EXERCISE DETAILS:
Give the entries back exactly as they stand, but without pictures.

(Recorded data)
--

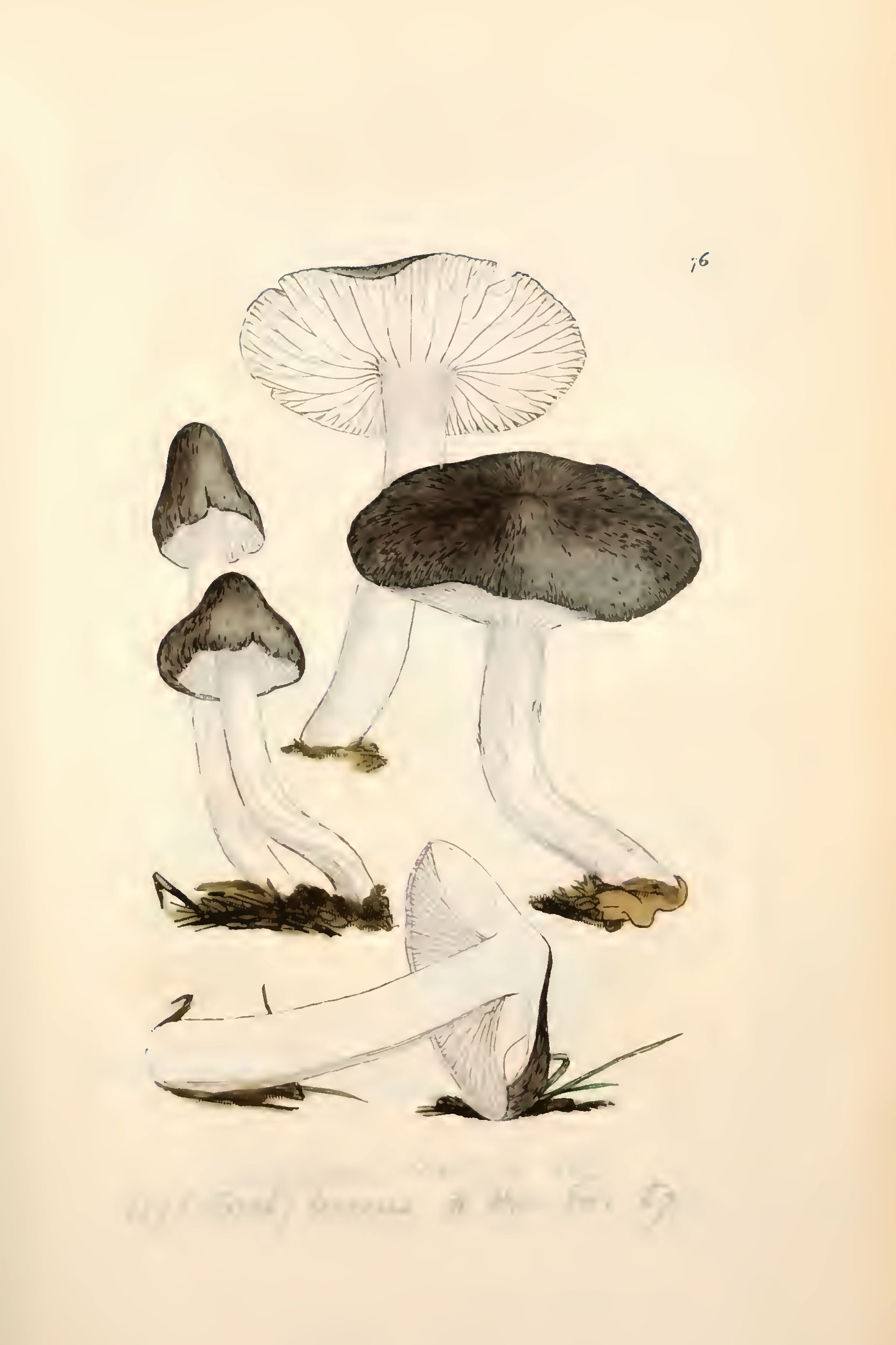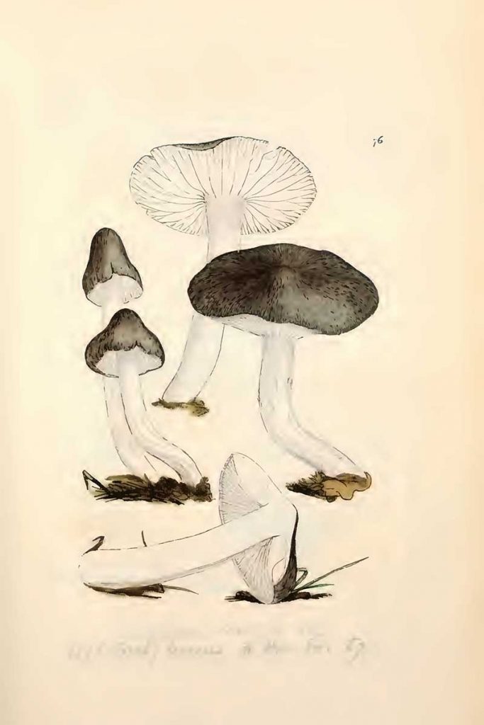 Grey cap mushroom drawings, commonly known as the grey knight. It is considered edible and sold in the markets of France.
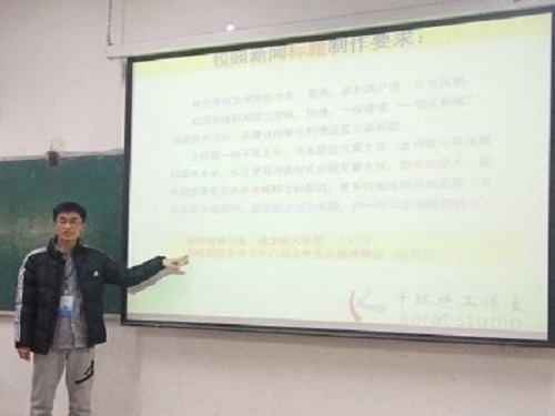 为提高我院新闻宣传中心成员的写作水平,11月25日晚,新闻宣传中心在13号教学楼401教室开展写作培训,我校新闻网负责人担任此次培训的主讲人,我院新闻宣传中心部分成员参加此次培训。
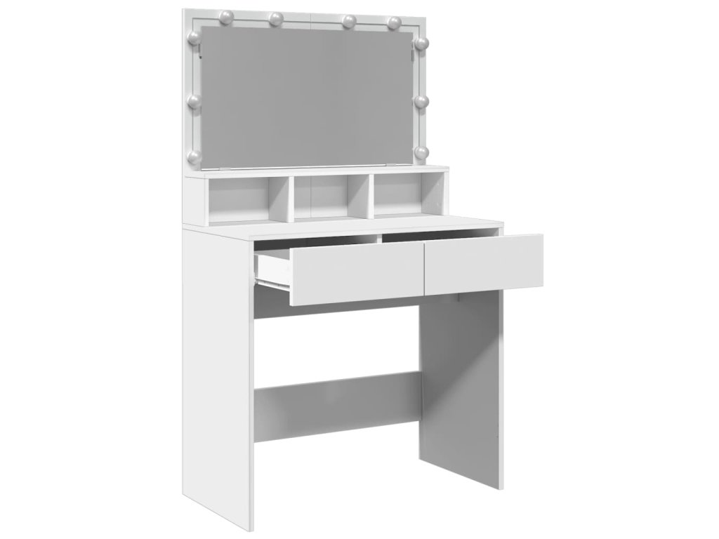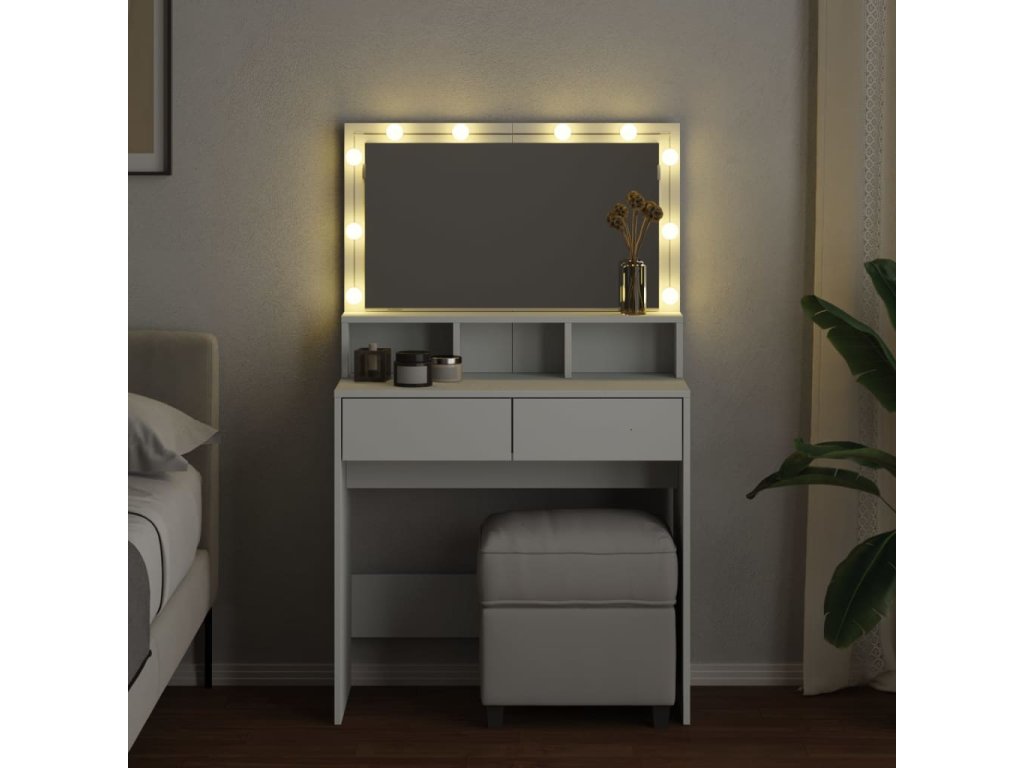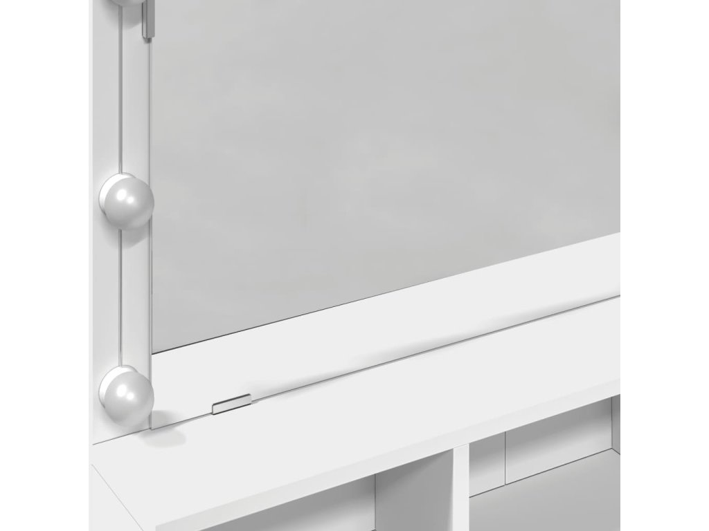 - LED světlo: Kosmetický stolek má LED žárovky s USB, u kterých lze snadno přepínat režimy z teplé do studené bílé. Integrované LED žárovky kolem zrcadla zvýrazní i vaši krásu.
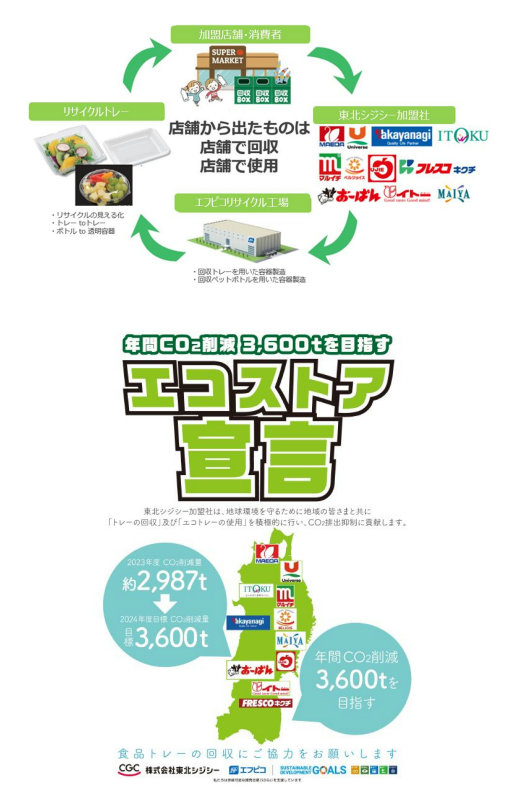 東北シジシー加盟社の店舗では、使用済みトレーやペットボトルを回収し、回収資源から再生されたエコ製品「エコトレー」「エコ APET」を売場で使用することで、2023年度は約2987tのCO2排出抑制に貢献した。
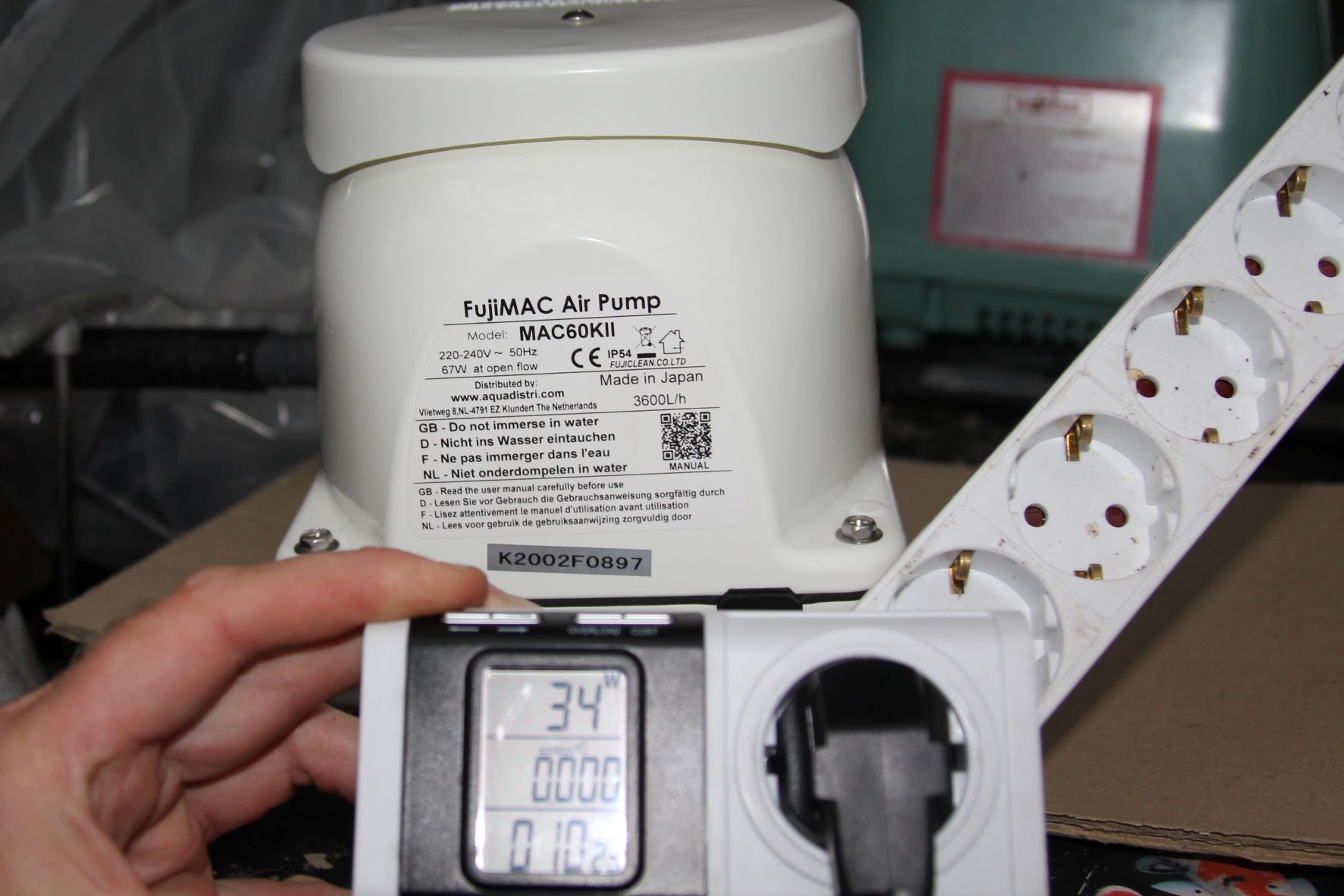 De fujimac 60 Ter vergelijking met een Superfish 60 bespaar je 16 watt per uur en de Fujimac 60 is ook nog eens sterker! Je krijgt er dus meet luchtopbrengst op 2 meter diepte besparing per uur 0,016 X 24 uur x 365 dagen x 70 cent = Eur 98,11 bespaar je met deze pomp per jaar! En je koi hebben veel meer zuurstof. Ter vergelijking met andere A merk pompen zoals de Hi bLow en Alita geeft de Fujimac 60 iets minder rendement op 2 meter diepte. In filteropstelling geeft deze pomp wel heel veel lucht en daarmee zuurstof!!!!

--

RESULT OF THIS TASK:
 Grey cap mushroom drawings, commonly known as the grey knight. It is considered edible and sold in the markets of France.
 为提高我院新闻宣传中心成员的写作水平,11月25日晚,新闻宣传中心在13号教学楼401教室开展写作培训,我校新闻网负责人担任此次培训的主讲人,我院新闻宣传中心部分成员参加此次培训。
 - LED světlo: Kosmetický stolek má LED žárovky s USB, u kterých lze snadno přepínat režimy z teplé do studené bílé. Integrované LED žárovky kolem zrcadla zvýrazní i vaši krásu.
 東北シジシー加盟社の店舗では、使用済みトレーやペットボトルを回収し、回収資源から再生されたエコ製品「エコトレー」「エコ APET」を売場で使用することで、2023年度は約2987tのCO2排出抑制に貢献した。
 De fujimac 60 Ter vergelijking met een Superfish 60 bespaar je 16 watt per uur en de Fujimac 60 is ook nog eens sterker! Je krijgt er dus meet luchtopbrengst op 2 meter diepte besparing per uur 0,016 X 24 uur x 365 dagen x 70 cent = Eur 98,11 bespaar je met deze pomp per jaar! En je koi hebben veel meer zuurstof. Ter vergelijking met andere A merk pompen zoals de Hi bLow en Alita geeft de Fujimac 60 iets minder rendement op 2 meter diepte. In filteropstelling geeft deze pomp wel heel veel lucht en daarmee zuurstof!!!!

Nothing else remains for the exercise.